Total revenues for the three months ended March 31, 2011 increased by approximately $0.3 million or 10.1% to $3.6 million as compared to $3.2 million for the three months ended March 31, 2010. Our sales growth was driven by continued efforts to attract new customers at three clinics in Leshan, Yibin and Zigong. We did not increase our prices from period to period.

Compared to the same period of 2010, cosmetic surgery service revenue increased 4.3% to $1.7 million, professional medical beauty service revenue increased 19.1% to $1.6 million, cosmetic dentistry service revenue decreased 80.5% to $27,509 and sales of goods revenue increased 91.3% to $0.2 million. We have been enhancing marketing of professional medical beauty service as well as efforts on sales of goods which has higher year-over-year increase.

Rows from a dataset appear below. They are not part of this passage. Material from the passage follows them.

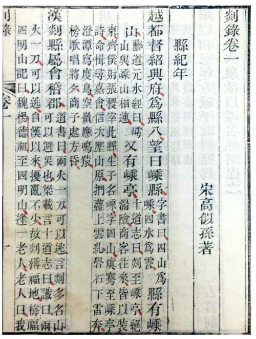 2.《剡录》:“剡县”本是汉代县名,唐代置嵊州并分置剡城县,宋初复设剡县。宣和三年(1121)以“剡”字由“二火一刀”组成,有兵火之象,于是改名嵊县,今属浙江绍兴嵊州市。《剡录》是以古县名命名,且称“录”而不称“志”,但实际是一部县志。此书今为十卷,嘉定初年,史安之知嵊县,命高似孙修纂,嘉定七年(1214)书成,次年刊行,清代被收入《四库全书》。
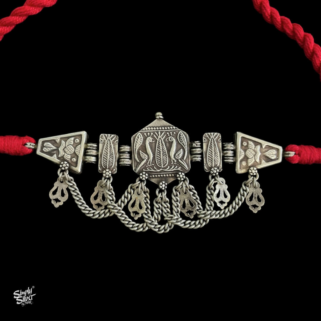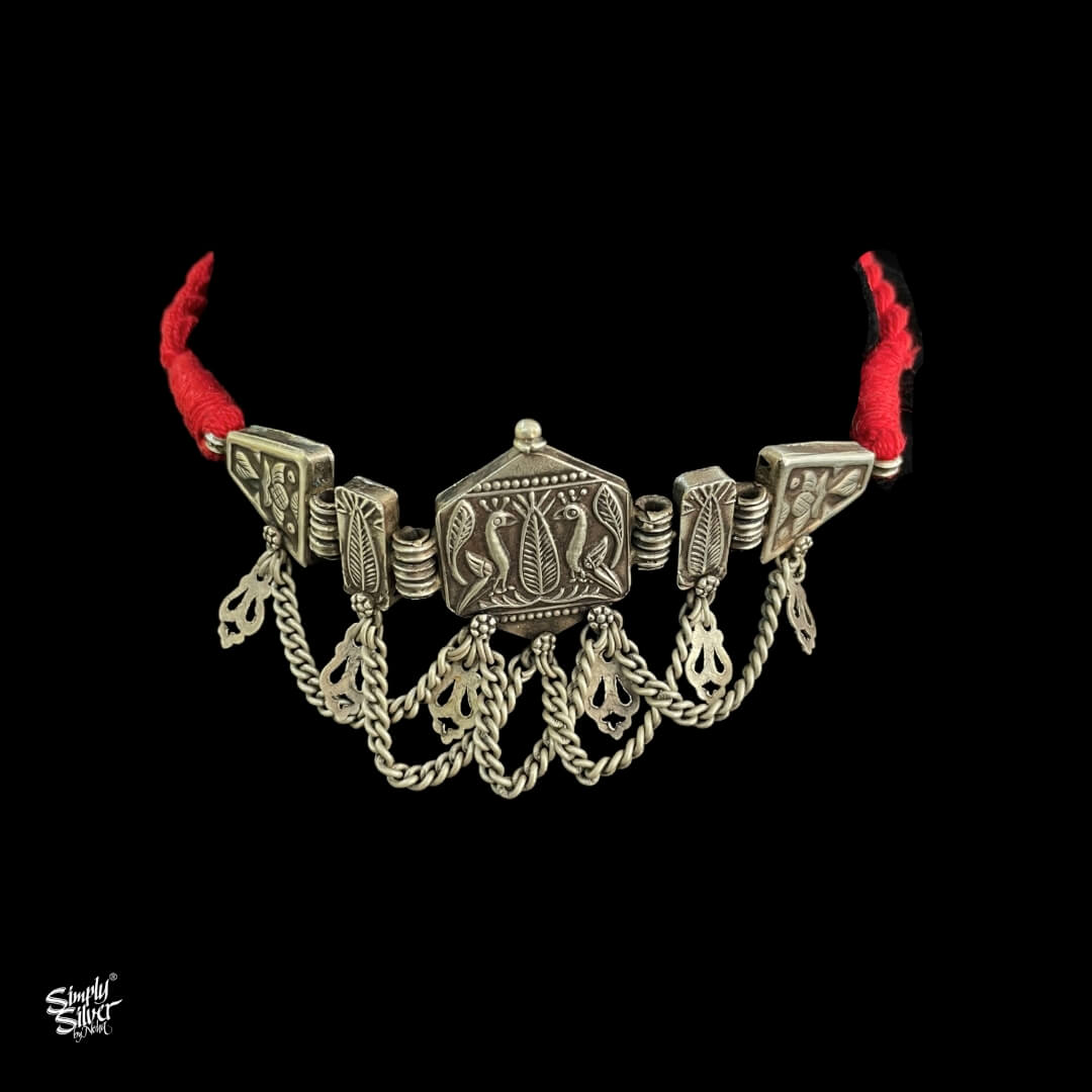 Increase quantity for Silver Peacock Choker with Red Thread - MH3401
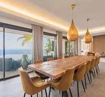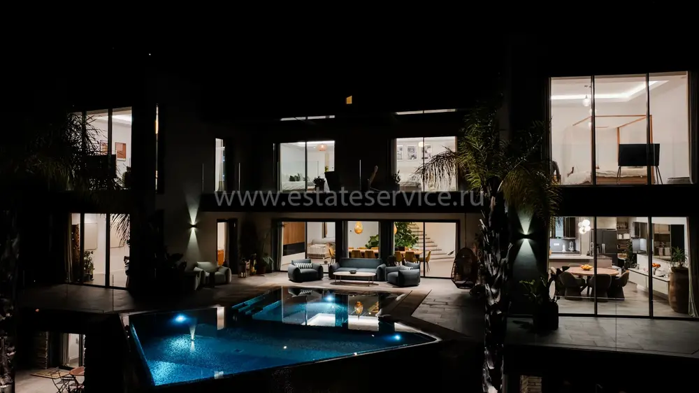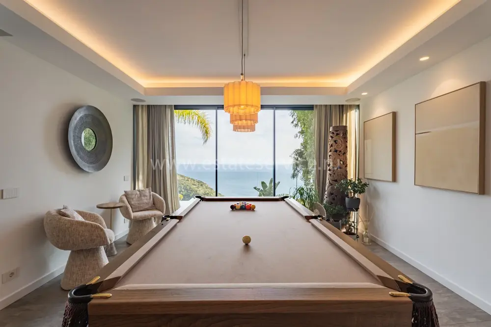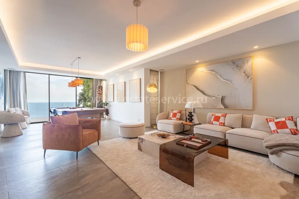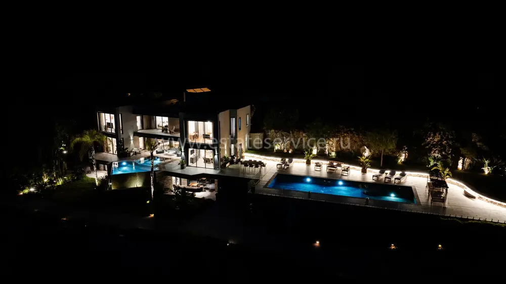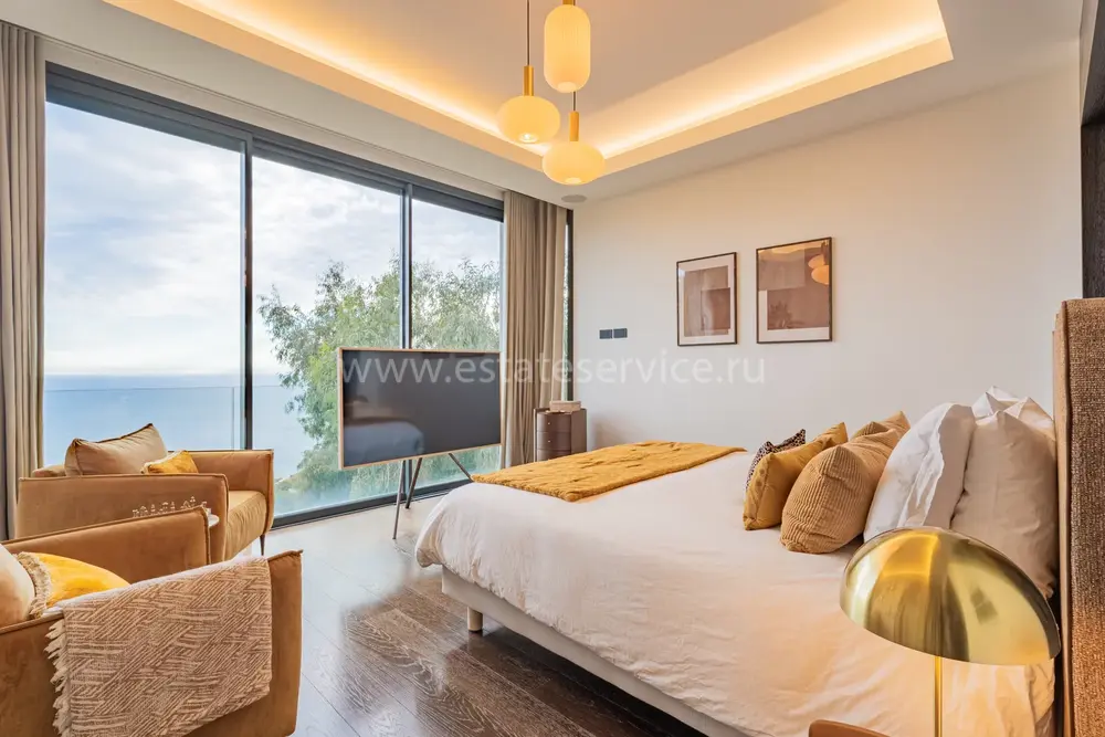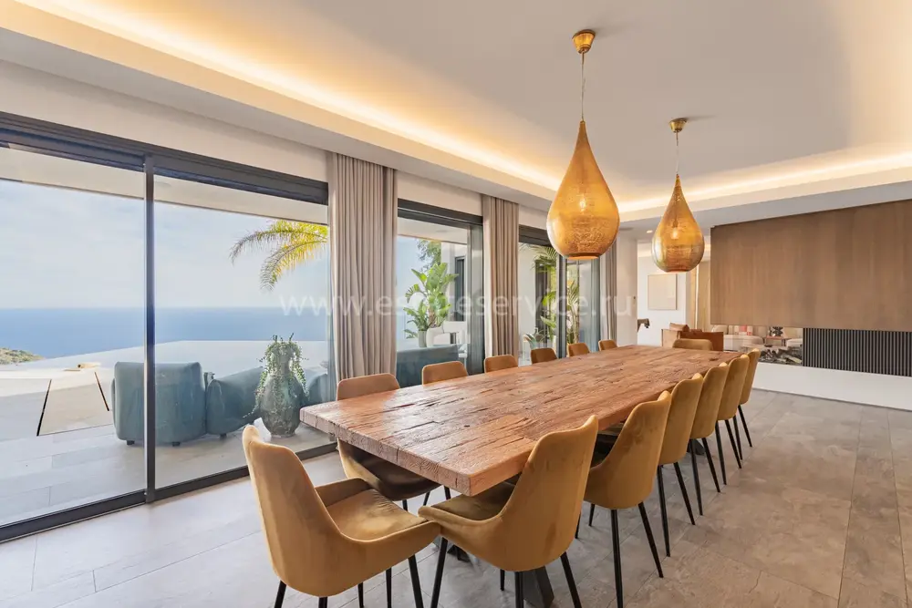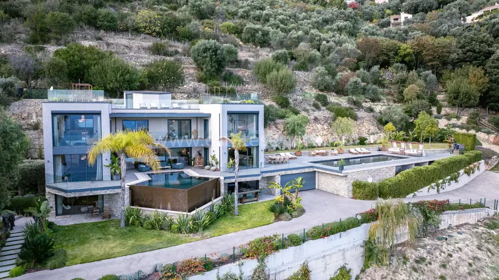 Современная вилла с невероятным морским видом и удобным расположением в престижном закрытом домене. Общая площадь 554 m² (жилая 484 m²) - тройная гостиная с бильярдной и столовой зонами, открытой островной кухней и выходом на террасу, пять больших спален с ванными комнатами, тренажерный зал, бар/дискотека, два бассейна, большой гараж, множество террас и подсобных помещений. Идеальное состояние, ухоженный сад, внутренний лифт и прочие удобства.
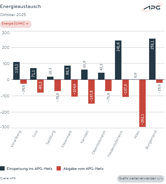 Im Oktober 2025 stellte sich die Lage im Energieaustausch innerhalb Österreichs folgendermaßen dar: Im Burgenland (253 GWh) und in Niederösterreich (242 GWh) wurden die höchsten Energiemengen in das APG-Netz eingespeist und damit österreichweit zur Verfügung gestellt. Von Wien (292 GWh) und Kärnten (148 GWh) wurde der meiste Strom aus dem APG-Netz bezogen.
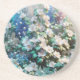 A vibrant cluster of white flowers stands amidst a dreamy backdrop of softly coloured vegetation, with hints of blue and pink hues. Pearlescent orbs float around the flora, adding a touch of whimsy to the scene.
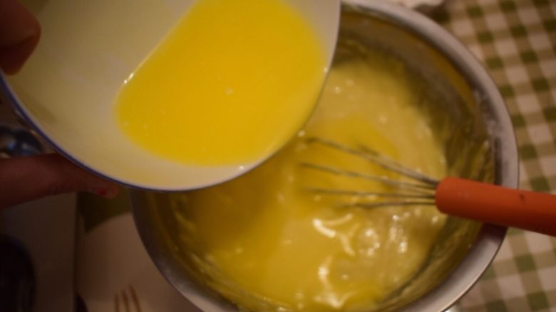 5. 黄油融化成液体倒入面糊里拌匀
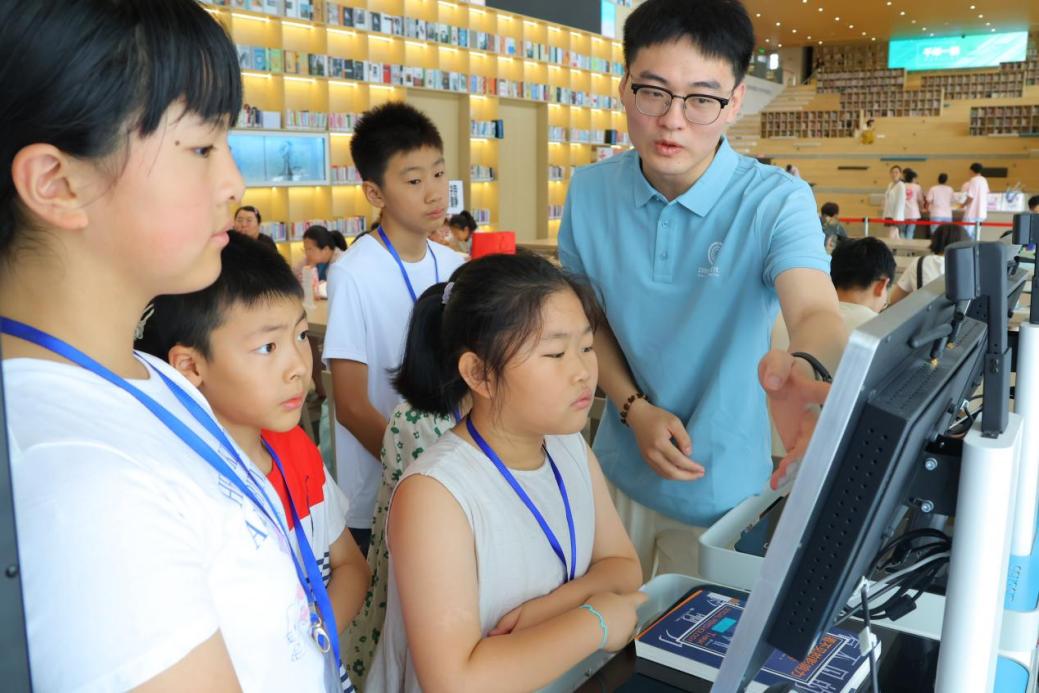 “智慧寻宝”环节将学习化为生动探险。大学生们设计了“图书借还小能手”“导览探秘小专家”双重任务:孩子们在图书馆扫描条码借阅书籍,在展厅用导览屏定位展品,在“地图寻宝”的紧张与“听讲解找答案”的专注中,动手能力与文化认知同步提升。一名孩子举着刚借到的《红岩》雀跃道:“原来扫码借书这么简单,还能找到这么多老故事!”童言童语间,传递的是对科技便捷的亲身体验和对本土历史文化的直观认知。
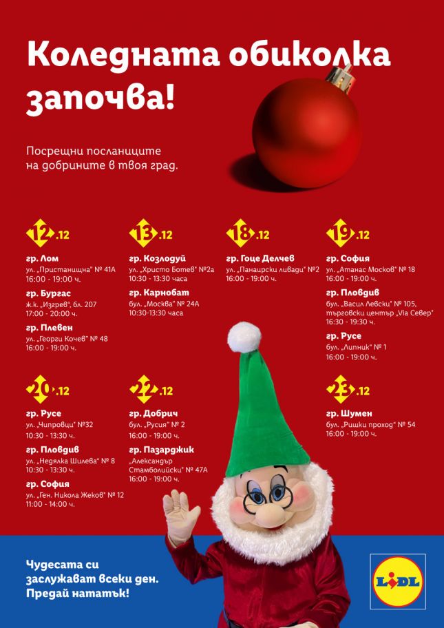 Празничната кула с подаръци на Lidl ви очаква на Немския коледен базар, а Джуджето, Броколино и Крушана ще отнесат посланието ѝ до 14 града в страната
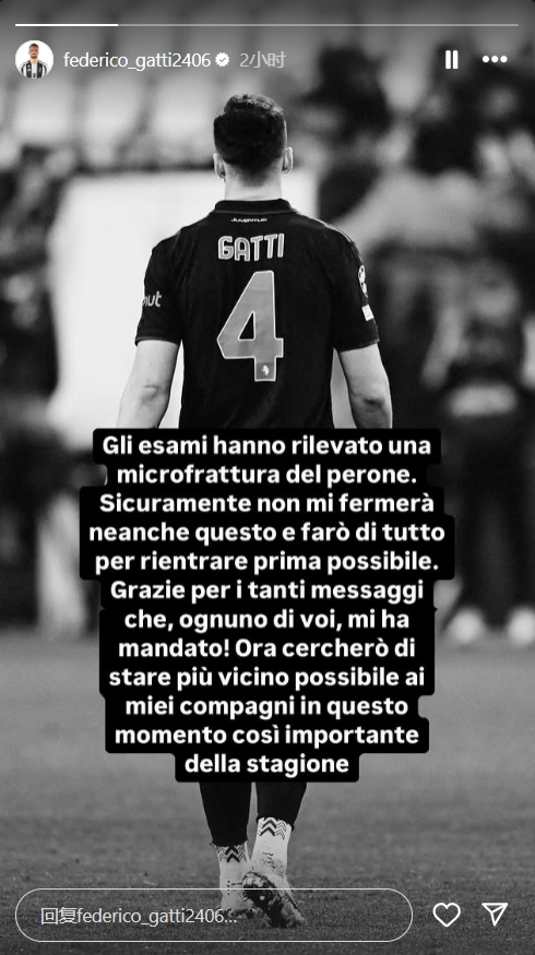 這名中衛(wèi)更新社媒,說道:經(jīng)檢查發(fā)現(xiàn)腓骨出現(xiàn)輕微骨折,這當(dāng)然不會(huì)阻擋我,我會(huì)盡一切努力盡快回來,謝謝你們給我發(fā)來的信息,在本賽季現(xiàn)階段這樣非常重要的時(shí)刻,我會(huì)盡可能與我的隊(duì)友們保持密切聯(lián)系。
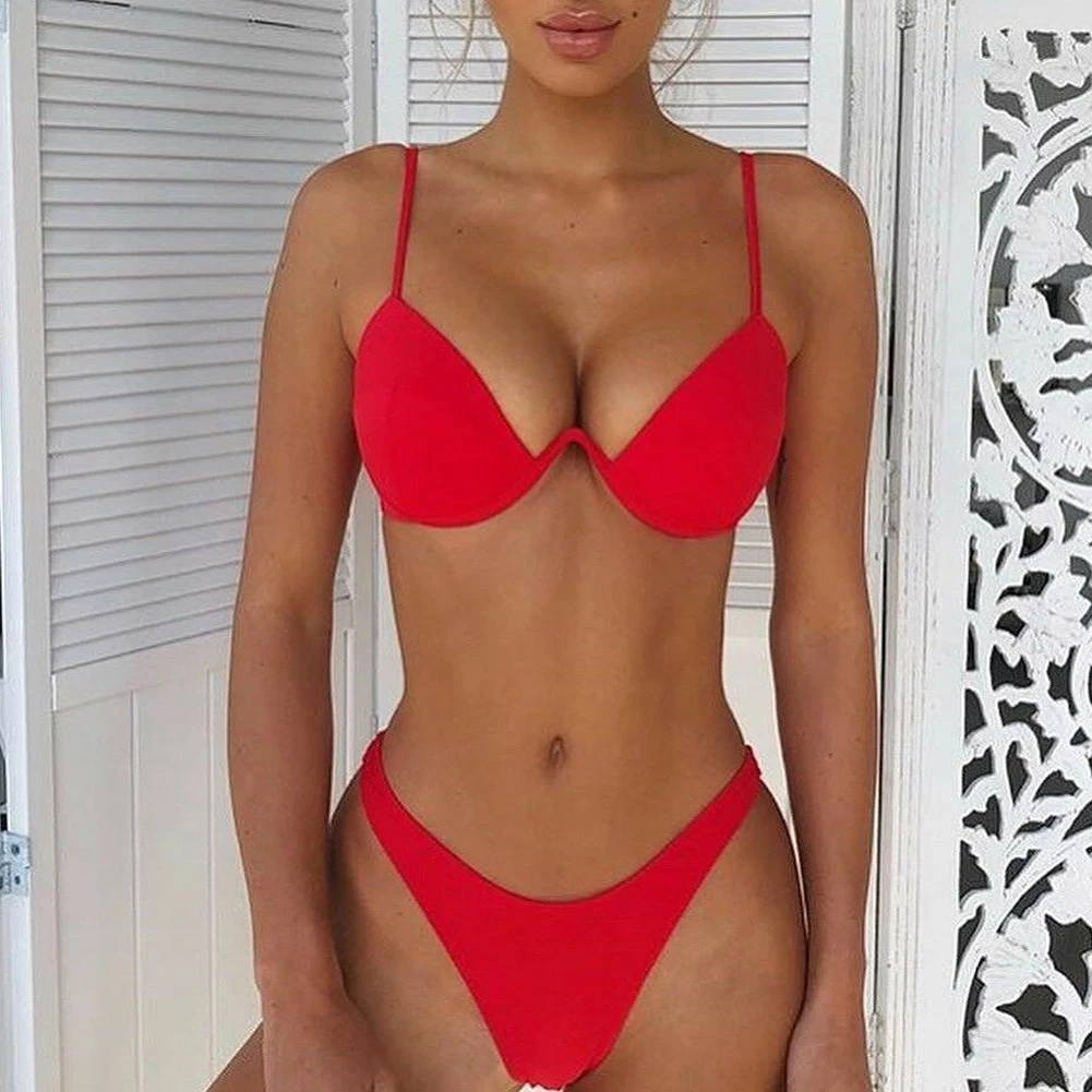 2021 Прямая поставка, пикантный бразильский комплект бикини с пуш-ап без подкладки, Женский бандажный комплект бикини 4 цветов, купальник, купальник
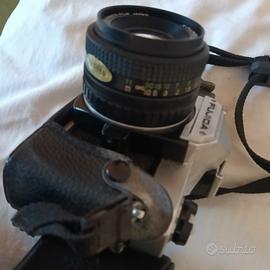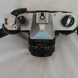 completamente meccanica equipaggiata con obbiettivo x-fujinon 55 mm f/2.2 corpo robusto in metallo con pulsante per la profondità di campo e autoscatto leggeri segni di usura

REVENUES   Three Months Ended March 31  
    2011     2010     Increase/     %  
                (Decrease)     Change  
Cosmetic surgery service   1,693,758     1,623,430     70,328     4.3%  
Professional medical beauty service   1,623,916     1,363,437     260,479     19.1%  
Cosmetic dentistry services   27,509     140,853     (113,344 )   -80.5%  
Sales of goods   229,946     120,205     109,741     91.3%  
Total revenues $  3,575,129   $  3,247,925   $ 327,204     10.1%  

15


For the first quarter of 2011, revenues of our current headquarter hospital increased by 0.7% to $3.3 million, from $3.2 million in the first quarter of 2010. Three new clinics launched in the second half of 2010 contributed approximately $0.3 million to revenues.

    Three Months Ended  
    March 31,  
  2011 2010
Location                        
Sichuan Shesays 3,269,864 91.5% 3,247,925 100.0%
Leshan Jiazhou Shesays   129,673     3.6%     -     -  
Yibin Shesays 96,978 2.7% - -
Zigong Shesays   78,614     2.2%     -     -  
Total sales 3,575,129 100.0% 3,247,925 100.0%

Cost of Revenue

Our cost of revenue for the three months ended March 31, 2011 was $0.9 million, an increase of $0.2 million, or 26.9% from $0.7 million for the three months ended March 31, 2010. The increase in cost of revenue in 2010 was due to the increase in customer service revenue. In addition, we had a promotion for a specific medical beauty service during the first quarter of 2011 which has higher costs of revenue compared to other services. Cost of sales as a percentage of revenue increased from 22.6% to 26.0% as compared to the prior comparative period due to cost of revenues for professional medical beauty service increased by $0.2 million or 136.5% from $0.1 million to $0.3 million.

Gross Profit

Our gross profit for the three months ended March 31, 2011 was $2.6 million, an increase of $0.1 million or 5.2% from $2.5 million for the three months ended March 31, 2010. The increase in gross profit in the first quarter of 2011 was due to the increase in total revenues. Our overall gross profit margin as a percentage of revenue was 74.0% for the three months ended March 31, 2011 compared to 77.4% of the same period of the previous year. The gross margin was slightly lower in the first quarter of 2011 due to the increase in costs of professional medical beauty service.

Operating Expenses

Our operating expenses increased by approximately $0.6 million to $1.5 million for the three months ended March 31, 2011 from $0.9 million for the same period of the previous year. This 65.3% increase was mainly attributable to the increase in the expense associated with advertising activities and professional and consultant fees related to the listing on OTCBB.

Other Income (Expense):

Other expense for the three months ended March 31, 2011 was $31,044 compared to other expenses of $57,575 for the same period of the previous year.

16


Net Income attributable to the Company

As a result of the factors described above, we had net income attributable to the Company in the amount of $0.7 million for the three months ended March 31, 2011, as compared with $1.1 million for the three months ended March 31, 2010. The decrease in net income was mainly attributed to increase of advertisement expenses and more expenditure on professional and consultant fees subsequent to the reverse merger transaction closed on June 7, 2010.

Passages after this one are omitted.